Post on 09-Jul-2016
description
TUGAS KEPANITRAAN KLINIK
OLEH:NURALISA SAFITRI
18122006
PEMBIMBING: drg. Billy Sujatmiko, Sp.KG
BAGIAN ILMU KESEHATAN GIGI DAN MULUT FAKULTAS KEDOKTERAN UNSRI
RUMAH SAKIT MOHAMMAD HOESIN2015
1. Apa yang dimaksud Lesi D1-D6?
Karies gigi adalah suatu proses kronis regresif yang dimulai dengan
larutnya mineral email sebagai akibat terganggunya keseimbangan antara email
dan sekelilingnya yang disebabkan oleh pembentukan asam microbial dari
substrat sehingga timbul destruksi komponen-komponen organik yang akhirnya
terjadi kavitas.
Lesi D1-D6 merupakan klasifikasi dari karies gigi. Adapun beberapa
klasifikasi Karies Menurut ICDAS:
a. D1, merupakan suatu lesi dini yang terlihat adanya lesi putih pada
permukaan gigi pada saat gigi dalam keadaan kering.

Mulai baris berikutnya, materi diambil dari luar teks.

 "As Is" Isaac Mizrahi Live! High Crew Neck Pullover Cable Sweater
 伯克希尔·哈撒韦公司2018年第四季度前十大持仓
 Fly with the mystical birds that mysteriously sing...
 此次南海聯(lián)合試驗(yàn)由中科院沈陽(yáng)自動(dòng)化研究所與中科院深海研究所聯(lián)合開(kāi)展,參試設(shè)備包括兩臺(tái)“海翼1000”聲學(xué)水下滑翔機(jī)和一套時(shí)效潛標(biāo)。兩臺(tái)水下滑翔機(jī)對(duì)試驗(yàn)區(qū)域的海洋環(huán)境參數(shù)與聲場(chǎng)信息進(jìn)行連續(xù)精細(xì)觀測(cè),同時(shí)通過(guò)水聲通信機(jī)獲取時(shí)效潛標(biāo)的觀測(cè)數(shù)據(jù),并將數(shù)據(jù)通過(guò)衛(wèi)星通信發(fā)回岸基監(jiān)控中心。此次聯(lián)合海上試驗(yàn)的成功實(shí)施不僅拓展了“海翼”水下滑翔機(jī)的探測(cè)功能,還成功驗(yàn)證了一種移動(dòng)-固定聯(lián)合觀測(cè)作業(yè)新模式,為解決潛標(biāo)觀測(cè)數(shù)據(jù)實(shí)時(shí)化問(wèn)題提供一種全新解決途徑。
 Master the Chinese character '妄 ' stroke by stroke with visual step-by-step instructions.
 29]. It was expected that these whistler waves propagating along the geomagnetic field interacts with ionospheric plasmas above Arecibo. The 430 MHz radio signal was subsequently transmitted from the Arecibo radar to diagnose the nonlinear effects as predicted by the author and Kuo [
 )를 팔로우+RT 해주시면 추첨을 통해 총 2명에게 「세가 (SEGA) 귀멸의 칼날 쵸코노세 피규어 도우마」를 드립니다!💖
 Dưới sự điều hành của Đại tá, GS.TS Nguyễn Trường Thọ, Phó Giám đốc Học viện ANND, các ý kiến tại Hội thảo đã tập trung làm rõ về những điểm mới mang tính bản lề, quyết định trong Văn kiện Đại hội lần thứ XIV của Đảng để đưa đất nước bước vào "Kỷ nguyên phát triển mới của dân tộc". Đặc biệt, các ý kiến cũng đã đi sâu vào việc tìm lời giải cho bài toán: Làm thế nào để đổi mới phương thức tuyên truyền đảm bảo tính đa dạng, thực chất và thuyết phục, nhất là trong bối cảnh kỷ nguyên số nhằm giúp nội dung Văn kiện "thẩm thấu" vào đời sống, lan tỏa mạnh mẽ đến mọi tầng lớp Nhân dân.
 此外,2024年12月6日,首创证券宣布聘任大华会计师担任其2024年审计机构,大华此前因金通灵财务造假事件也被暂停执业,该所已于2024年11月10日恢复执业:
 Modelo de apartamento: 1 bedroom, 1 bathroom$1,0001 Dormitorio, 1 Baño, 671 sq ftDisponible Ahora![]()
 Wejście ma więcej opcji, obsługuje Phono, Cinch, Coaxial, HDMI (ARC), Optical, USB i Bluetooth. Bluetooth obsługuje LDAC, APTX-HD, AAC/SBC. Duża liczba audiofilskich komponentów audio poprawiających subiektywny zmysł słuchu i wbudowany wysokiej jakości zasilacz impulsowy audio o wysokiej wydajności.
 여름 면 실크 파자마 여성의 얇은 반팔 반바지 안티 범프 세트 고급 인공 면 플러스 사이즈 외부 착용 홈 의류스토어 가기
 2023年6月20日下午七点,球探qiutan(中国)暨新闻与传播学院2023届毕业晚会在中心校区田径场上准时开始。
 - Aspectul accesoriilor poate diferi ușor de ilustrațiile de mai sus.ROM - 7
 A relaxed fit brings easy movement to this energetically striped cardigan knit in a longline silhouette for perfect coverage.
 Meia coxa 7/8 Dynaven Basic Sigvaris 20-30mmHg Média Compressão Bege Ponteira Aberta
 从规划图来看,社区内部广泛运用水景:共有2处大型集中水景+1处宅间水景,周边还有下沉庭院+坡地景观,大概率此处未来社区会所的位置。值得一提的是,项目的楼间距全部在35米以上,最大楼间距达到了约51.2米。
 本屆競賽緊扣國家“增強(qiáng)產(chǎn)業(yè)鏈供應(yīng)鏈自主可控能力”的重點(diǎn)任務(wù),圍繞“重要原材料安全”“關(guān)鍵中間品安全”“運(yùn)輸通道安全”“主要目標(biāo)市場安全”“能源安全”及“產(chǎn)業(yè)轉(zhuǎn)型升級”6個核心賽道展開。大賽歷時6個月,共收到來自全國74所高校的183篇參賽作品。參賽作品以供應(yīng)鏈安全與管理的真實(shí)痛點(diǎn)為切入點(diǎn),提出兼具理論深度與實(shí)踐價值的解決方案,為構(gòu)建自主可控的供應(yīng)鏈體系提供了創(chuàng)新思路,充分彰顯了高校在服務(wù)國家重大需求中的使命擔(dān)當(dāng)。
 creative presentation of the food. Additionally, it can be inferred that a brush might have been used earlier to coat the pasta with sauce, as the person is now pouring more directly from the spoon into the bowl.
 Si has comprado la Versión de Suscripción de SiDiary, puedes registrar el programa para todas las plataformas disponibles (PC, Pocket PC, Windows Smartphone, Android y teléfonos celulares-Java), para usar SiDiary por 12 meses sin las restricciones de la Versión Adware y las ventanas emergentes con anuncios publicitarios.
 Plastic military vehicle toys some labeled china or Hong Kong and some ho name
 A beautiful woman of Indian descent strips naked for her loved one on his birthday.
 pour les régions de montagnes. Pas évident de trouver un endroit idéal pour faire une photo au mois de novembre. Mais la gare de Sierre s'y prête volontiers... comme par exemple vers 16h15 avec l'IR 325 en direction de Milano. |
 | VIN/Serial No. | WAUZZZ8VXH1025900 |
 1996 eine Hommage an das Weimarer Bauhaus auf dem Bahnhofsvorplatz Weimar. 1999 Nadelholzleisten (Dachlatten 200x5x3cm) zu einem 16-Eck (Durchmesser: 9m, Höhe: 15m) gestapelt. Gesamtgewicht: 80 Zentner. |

b. D2, merupakan suatu lesi yang terlihat adanya lesi putih pada permukaan
gigi pada saat gigi dalam keadaan basah.
c. D3, terdapat lesi minimal pada permukaan email gigi.
d. D4, lesi email lebih dalam dengan tampaknya bayangan gelap dentin atau
lesi sudah menyerang bagian Dentino Enamel Junction (DEJ).
e. D5, lesi telah menyerang dentin.
f. D6, lesi sudah mencapai pulpa.
2. Jelaskan proses terjadinya karies dari mulai gigi sehat hingga gigi dicabut!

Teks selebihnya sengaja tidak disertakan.